Lawmakers, who have their constituents and their rights to look after, got fed up with a policy that was no longer making sense.

It’s not just hippies and delinquents fighting for legalization of weed nowadays; it’s scientists, lawyers, and legitimate politicians who are looking at this abuse for what it is.

The DEA doesn’t want to protect us by throwing us in jail for joints. They do it because their annual budget is upwards of five billion dollars, and prohibition makes that possible.

If you make marijuana legal, suddenly they have much less use to our society and they lose all that money.
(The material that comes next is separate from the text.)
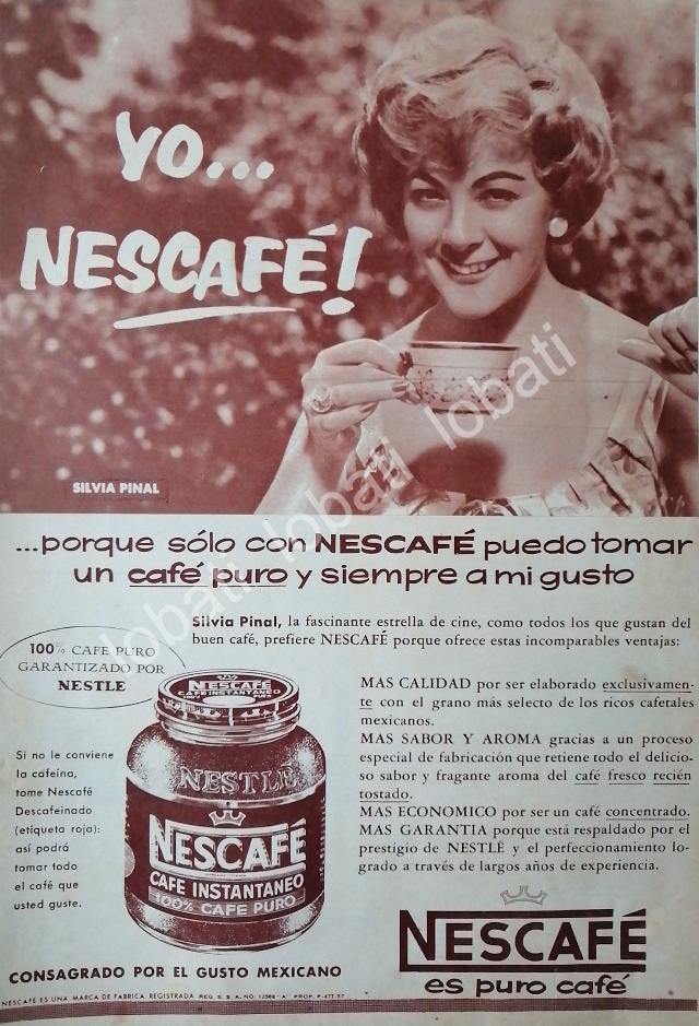 CARTEL ANTIGUO ORIGINAL DE SILVIA PINAL Y CAFE NESCAFE 1960 /CF57 / FEP

At the end of the day, marijuana prohibition feeds a system of abuse at the national level. We not only allow the government to punish us for something less of a danger to ourselves and society than alcohol, but we allow them to take our freedom of choice away.

If you look at the death rates, all of these illicit drugs that are actually dangerous have minuscule death rates when compared with the death rates of legal prescription drugs.

So how is the DEA protecting us, when these drugs are happily allowed to poison us?

As the benefits economically and medically of legalization pile up, prohibition looks all the more hypocritical and destructive to our society.

So why should we allow it to go on?

In Massachusetts, voters have a say on this issue. In November, ballot question 4 asks if recreational marijuana should be legalized for adults over the age of 21.